When you unzip this file, you should have Data folder with ByCountry folder and gapminder.txt file in it.

Finally, let's make another folder called 'R_intro' inside SWC_fall2018 folder. This is where we will save all files for this lesson.

  • do it with students and make sure everyone is with you - put up red sticky notes if having problems, green when done with the task.

Let's have a look at the data that we are gonna work with today. Let's right click gapminder.txt, click open with, click microsoft excel. So this is a demographic data of some countries in different continents showing statistics of their life expectancy, population and gdp/capita in different years. So this is a big data and we will analyse this set of data now with R. Now we are ready to work with R! R is a free software programming language for statistical computing and graphics. When you have the RStudio installed besides R, it integrates with R as an IDE (Integrated Developmet Environment) to provide further functionality. You can do without RStudio but it is the product that assists people to use R more effectively.

Learning objectives

  • Understand benefits of using R
  • Understand how to work with RStudio
  • Understand how to go get data from Excel to R
  • Understand building blocks of R language
  • Understand how to extract parts of the dataset
  • Understand how to write simple R scripts

1. Intro to R and RStudio

Why R?

  • Statistics, graphics, general purpose programming
  • Thousands of packages available - these are collections of functions that implement all kinds of analyses of data sets from various disciplines
  • Open source software - use for free, modify as you wish
  • Active community of developers - new packages are being written as we speak

RStudio as interface for R(IDE - integrated development environment)

We will be working with R using RStudio. This is a piece of software (also known as integrated development environment, IDE ) that makes working in R much easier. When you open RStudio, you should see 4 windows:

  • The 4 windows of RStudio:

    • Top left = text editor,write your commands/code here
    • Bottom left = R console, run (execute) your commands here
    • Top right = things that R keeps track of:
      • History tab records all the commands you type in R console
      • Environment tab keeps track of all objects you create in the current session
      • Both records can be saved for later as .Rhistory and .RData files
    • Bottom right = several helpful tabs, we will see how to use them later. For now, notice that 'Files' tab allows you to navigate between folders. For this workshop we need to navigate to 'SWC_fall2018' folder that we created on the Desktop. Click three dots icon at the top right corner of the 'Files' tab and navigate to Desktop/SWC_fall2018. We want to enter 'R_intro' folder. When there, click 'More' and select 'Set as working directory'. Notice the change in your console window - your work with R is now done from 'R_intro' folder.
      • do it with students and make sure everyone is with you - put up red sticky notes if having problems, green when done with the task.
  • Interactive mode. When you type commands in the console window and press 'ENTER', they are executed immediately and the output is displayed. Here are few examples:
    > 3+5 > sqrt(64)

    Symbol > means that the R is ready for the next command. If you enter incomplete commands, you will see + which means that the system is waiting for you to complete the command. You can always press 'Esc' to return to > when stuck with + at the prompt.
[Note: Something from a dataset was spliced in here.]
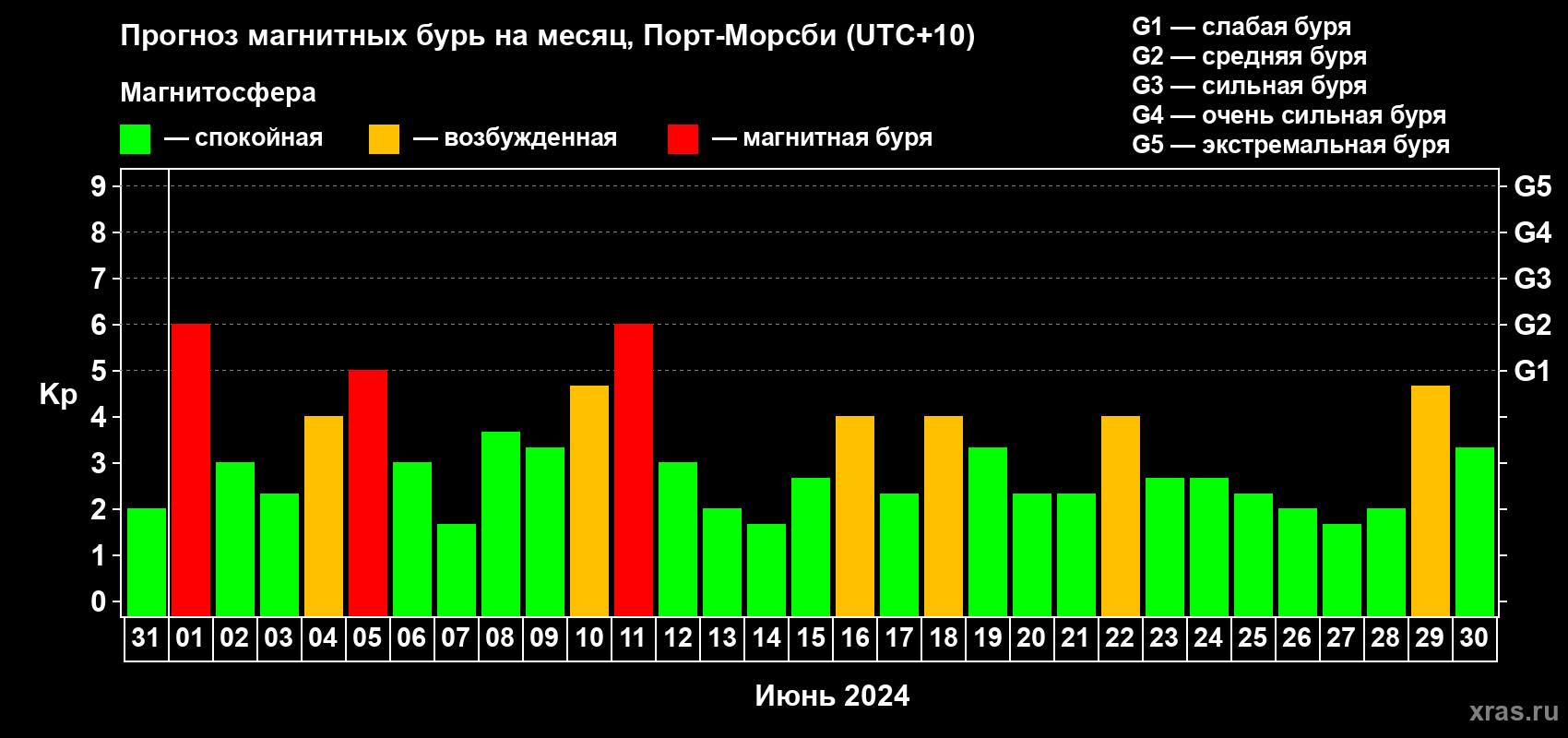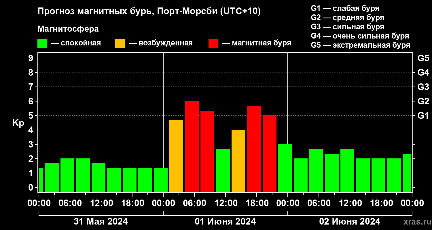 Прогноз магнитных бурь Порт-Морсби — 31 мая 2024 года

The best thing about R is that it has inbuilt things so you do not have to type a lot when you type sq, press tab, it gives you all options of words that start with sq and you gotta select the one you want simply hit tab again or hit enter and you are there Another thing is that when you type a parenthesis it automatically gives you both the opening and the closing brackets and it is the same thing with the quotes So in the parenthesis type 64, hit enter and the output is your result These are all numbers so far we have used, but can you tell R to give you some non-math output?

print("How are you?") print(64) I have to include characters in quotes, numbers will not need quotes.
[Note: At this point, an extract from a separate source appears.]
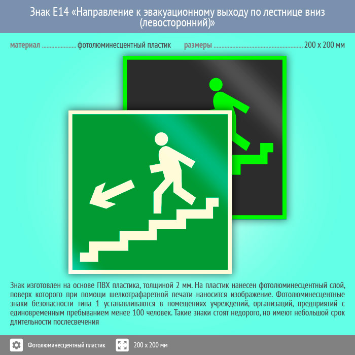 Знак E14 «Направление к эвакуационному выходу по лестнице вниз (левосторонний)» (фотолюминесцентный пластик, 200х200 мм) в Великом Новгороде купить

So this sqrt, and print, if you see automatically come with a parenthesis beside it. These are called functions Functions need an argument inside the first parenthesis

  • Scripting mode. It is often the case that we would like to reuse our commands. If so, you can type commands in the text editor window. Let's open a new R Script file by clicking the + sign on the top right corner of scripting panel and write our command there, for example print("Good morning!"). To check if this command works, you can send it for execution to console with 'CTR +Enter' click. We have a very simple example here, but you can imagine writing hundreds of commands in the order you want them to be executed to accomplish a certain task. This is what an R program or R script is. It is a good practice to comment your code. The comments (statements that are helpful to the user, but are not seen by R as commands to be executed) in R start with #. Let's add a comment to our simple script.

    #my first R command 
    print("Good morning")
    
    

    We can save the file with our commands and reuse it later. For now, let's save our example as R_commands.R file in R_intro folder.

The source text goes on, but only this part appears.